[MALAYSIA] Malaysia's minimum wage policy has undergone significant changes in recent years, with the government taking steps to improve the living standards of workers across the country. The current minimum wage rate, set at RM1,500 per month or RM7.21 per hour, came into effect on January 1, 2023, and applies to all employees throughout Malaysia, regardless of their location or industry. This represents a substantial increase from previous rates and reflects the government's commitment to addressing wage disparities and improving the quality of life for low-income workers.
The concept of minimum wage in Malaysia has a long history, dating back to the Wages Councils Act 1947. However, it wasn't until the National Wages Consultative Council Act 2011 that a more comprehensive approach to minimum wage policy was established. This act created the National Wages Consultative Council, tasked with advising and making recommendations on minimum wages.

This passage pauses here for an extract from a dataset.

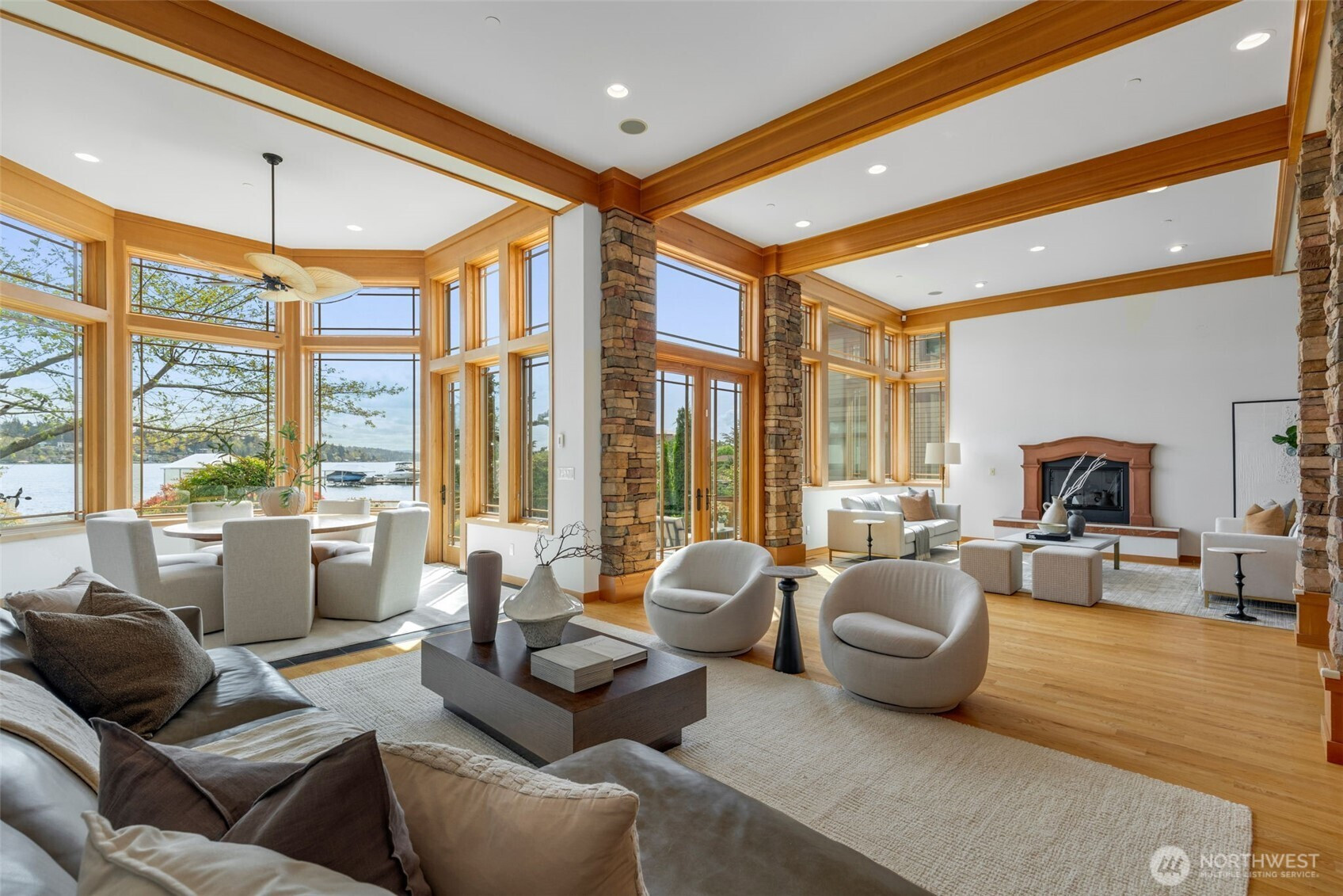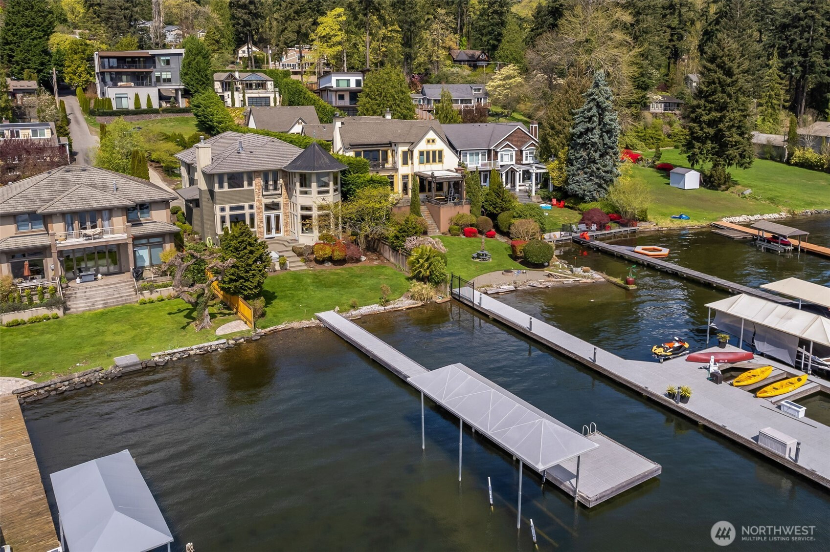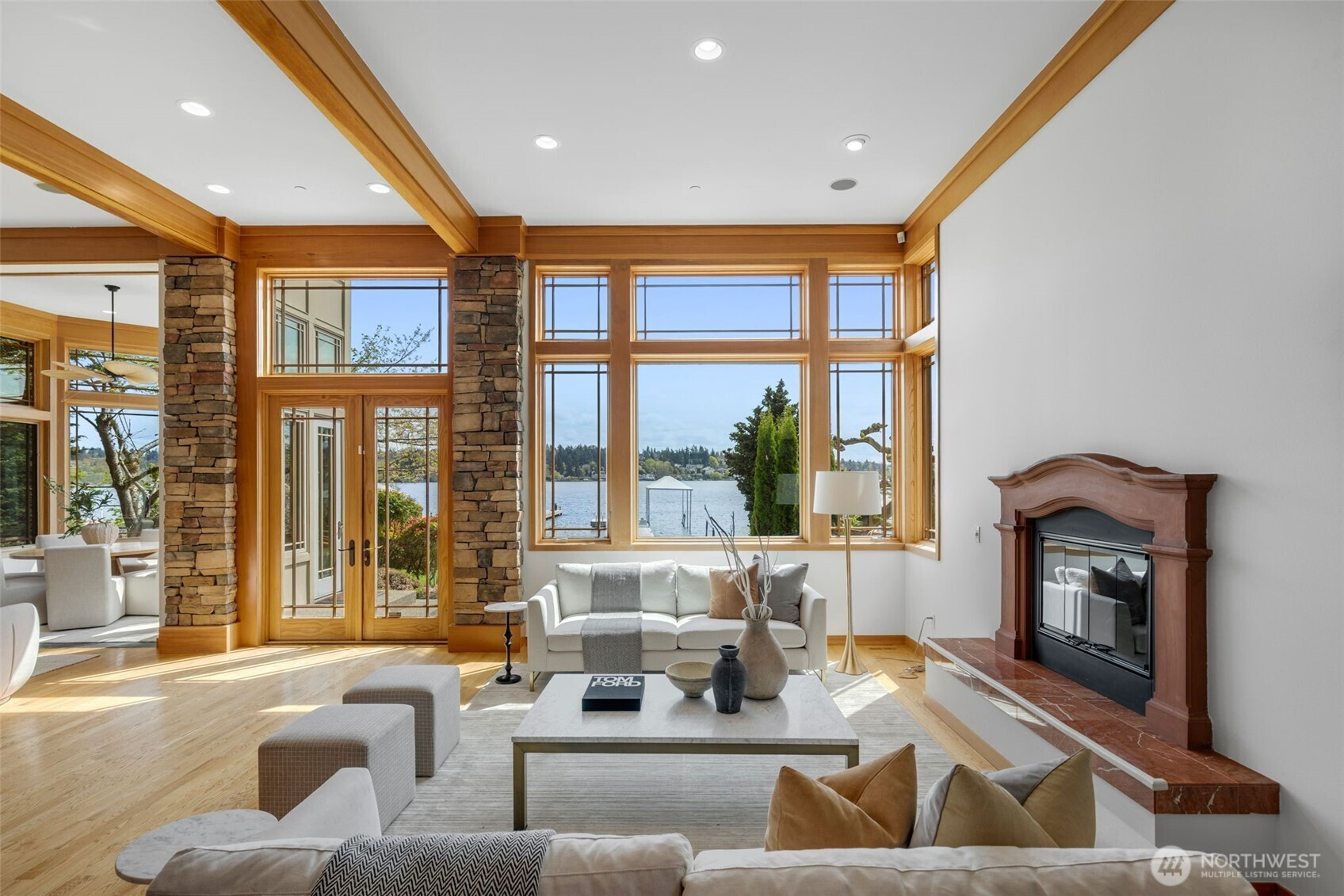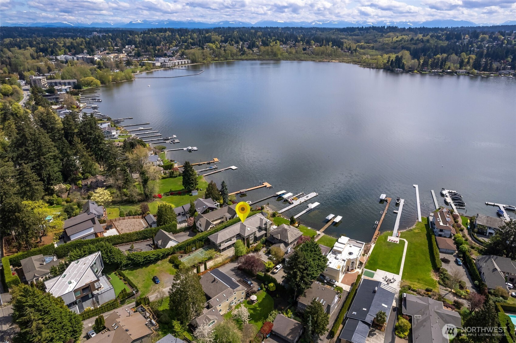 Experience the pinnacle of beachfront living in this architectural masterpiece. Designed to harmonize with the serene tranquility of Juanita Bay, this home offers a front-row seat to spectacular, unobstructed views of Mt. Rainier. Massive walls of windows flood the living spaces with natural light, blurring the line between the indoors and the shimmering lake. high-end culinary suite designed to inspire the most discerning chefs. Rich, substantial finishes and a palette of warm camel hues create an atmosphere of effortless, natural elegance. The space over the garage includes two guest bedrooms and a kitchen with a dedicated dining area. New A/C replaced in 2020. Dock resurfaced in 2022 with permit. Installed Golden lift with 48" of range and new canopy in 2022. Whole room new painting in 2026. This isn't just a home; it's a private resort. Every detail has been curated for a lifestyle of leisure and convenience:

Since then, the minimum wage in Malaysia has seen several increases:
2013: RM900 for Peninsular Malaysia, RM800 for East Malaysia
2019: Unified rate of RM1,100 nationwide
2020: Increased to RM1,200
2023: Current rate of RM1,500
These incremental increases demonstrate the government's ongoing efforts to improve workers' living standards and reduce wage inequality across the country.
Current Minimum Wage Regulations
The Minimum Wages Order 2022 stipulates that the minimum monthly wage for employees in Malaysia is RM1,500, which translates to approximately RM7.21 per hour. This rate applies to all sectors and regions of the country, with a few exceptions:
- Domestic servants are exempt from this order
- There was a temporary exemption for employers with fewer than 5 employees until December 31, 2022 (excluding those in professional activities)
It's important to note that certain benefits and allowances are excluded from the calculation of wages for minimum wage purposes. These include housing, food, fuel, utilities, medical benefits, employer contributions to pension funds, travel allowances, and annual bonuses.
Impact on Workers and the Economy
The implementation of a higher minimum wage has had both positive and negative effects on workers and the broader economy. On the positive side, it has helped to reduce wage inequality and provide a more stable income for low-wage workers. According to Human Resources Minister Steven Sim, "This is a part of a mechanism to cater for the welfare of workers, particularly low-income earners, and will be uniform across the country."
However, the impact on businesses, especially small and medium enterprises (SMEs), has been a point of concern. The 25% increase in labor costs (from RM1,200 to RM1,500) has put pressure on operating costs for many businesses, particularly those still recovering from the effects of the COVID-19 pandemic.
Dr. Carmelo Ferlito, CEO of the Center for Market Education, commented on the potential negative effects of the minimum wage increase: "The minimum wage hike will lead to higher unemployment, especially among the youth and unskilled workers. It will also accelerate the shift towards automation, further reducing job opportunities for low-skilled workers."
Productivity and Wage Growth
One of the key considerations in minimum wage policy is the relationship between wages and productivity. Ideally, wage increases should be accompanied by corresponding increases in productivity to maintain economic balance and competitiveness.
According to the Department of Statistics Malaysia, labor productivity increased by only 1.7% in Q4 2021, based on the ratio of value added per employment. This modest growth in productivity raises questions about the sustainability of significant minimum wage increases and their potential impact on inflation and the cost of living.
Regional Competitiveness
The increase in Malaysia's minimum wage has implications for the country's competitiveness in the region. Compared to neighboring countries, Malaysia's minimum wage is now significantly higher:
Vietnam: 43.99% lower
Thailand: 41.14% lower
Cambodia: 43.21% lower
Indonesia: 11.63% lower
Philippines: 36.98% lower
Laos: 69.63% lower
Myanmar: 90.22% lower
This disparity in labor costs could potentially affect foreign investment decisions, with some companies opting for countries with lower operating costs.
Future Developments and Progressive Wage Policy
Looking ahead, the Malaysian government is set to review the minimum wage in June 2024, as part of its biennial review process7. Additionally, there are plans to introduce a progressive wage policy that links wage increases to skill acquisition and productivity levels.
Economy Minister Rafizi Ramli announced, "The progressive wage policy will be piloted in June 2024, with 1,000 companies participating in the program. This approach aims to create a more dynamic and skilled workforce while ensuring fair compensation."
Malaysia's minimum wage policy continues to evolve as the government seeks to balance worker welfare with economic growth and competitiveness. While the recent increases have provided much-needed support for low-income workers, challenges remain in terms of business adaptation, productivity growth, and regional competitiveness.
As Malaysia moves towards a more progressive wage system, it will be crucial to monitor the impacts on both workers and businesses, ensuring that the policy achieves its goals of reducing income inequality and improving living standards without compromising economic growth and job creation.